Сержант Николаев пишет бумагу со всей искренностью, двоедушничать – не в его нраве, ему хочется, чтоб этот бородатый человек остался его трудом доволен и чтоб крепость Рассыпная без пролития крови подчинилась ему.
«Кто же сего моего указа не послушает, тот сам узнает праведный гнев противникам моим».
Окончив, оба молодца направились к государю. Но было уже поздно: стоявшие у крыльца на карауле казаки повернули их обратно:
– Не приказано пущать. Его величество почивают.
Когда Пугачёв ушел на покой в отведенную ему спальню, новая полковница, Стеша, услала своего мужа на тот конец улицы, к дьяконице, за дрожжами – завтра, мол, гостей на дорогу пирогами придётся угостить.
И только новый полковник за ворота, Стеша опрометью вверх по лестнице: надо же царю-батюшке оправить изголовье.
Комендант Рассыпной крепости, майор Веловский, «возмутительного» Пугачёвского листа не принял. И как стали приближаться Пугачёвцы, он открыл по ним огонь из ружей. Но защитников крепости было весьма мало.
Веловский объявил, чтобы все, кто хочет спастись, бежали в комендантский дом. Офицеры и несколько солдат заперлись в крепком деревянном доме и стали метко отстреливаться из окон. Среди войска Пугачёва были убитые и раненые.
– Зажигай! – кричали озлобленные Пугачёвцы и с пуками горящей соломы стали прокрадываться к осажденному дому.
Пугачёв послал Давилина с приказом, чтоб дом не поджигали, а супротивников взяли живьем.
– А то, вишь, ветер: крепость огнем возьмется, все жительство безвинных людей сгорит. Не можно это, детушки.
Вскоре казаки, осыпаемые пулями, вломились в комендантский дом и всех защитников доставили к Пугачёву. Он отдал такой приказ: майора Веловского с женой и офицера повесить, сдавшихся солдат поверстать в казаки, обрезать им косы, привести к присяге.
Забрав три пушки, порох и снаряды, войско на следующий день выступило к Нижне-Озерной крепости.
Пугачёв чувствовал себя уверенно. Войско его дерется храбро, берет форпосты и крепости, уничтожает походя вражеские отряды. Еще осталось взять три крепости, а там – знай, катись вольной дорогой к самому Оренбургу.
Глава 6Нижне-Озерная и Татищева.
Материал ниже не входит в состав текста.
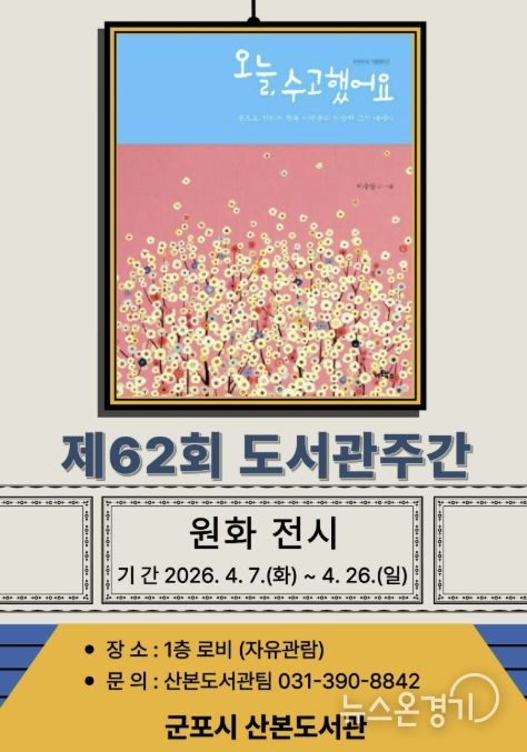 뉴스온경기 | 군포시 산본도서관은 도서관주간을 맞아 시민들의 독서문화 확산과 책을 통한 공감의 시간을 마련하기 위해 작가와의 만남, 북토크, 원화전시 등 다양한 프로그램을 운영한다.

Дух крепостного гарнизона. Ссора
1
Губернатор Рейнсдорп получил новое известие: прискакавший из Илецка гонец доложил, что городок занят мятежниками, и население встретило самозванца с хлебом-солью.
Беспечный, бестолковый губернатор, вместо того чтоб это известие проверить, разослал по городу приглашения на новый бал по случаю коронации императрицы.
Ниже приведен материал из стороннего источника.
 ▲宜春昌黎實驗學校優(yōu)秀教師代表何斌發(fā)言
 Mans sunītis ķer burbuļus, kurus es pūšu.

Среди бала пришел рапорт коменданта Татищевой крепости, полковника Елагина, о занятии Пугачёвым Илецкого городка и казни атамана Портнова.
Казалось бы, известие ошеломляющее. Но, чтоб не омрачить торжества, губернатор скрыл от гостей грозившую всем опасность. Он был совершенно уверен в силе Оренбургской крепости, в отваге защитников её и в собственной непогрешимости в делах военных.
Пугачёвцев же он считал просто-напросто шайкой разбойников, пополнявшейся изменниками-казачишками. Намерения этой обнаглевшей шайки – погулять, попить, пограбить. Впрочем, у генерала Рейнсдорпа разговор с «воровским сбродом» будет не долог, без особого труда он сотрет с лица земли всю «нечисть»!
Итак, прежде всего – спокойствие, спокойствие… Бал продолжается!
На другой день после бала явился с письмом посланец Нур-Али-хана.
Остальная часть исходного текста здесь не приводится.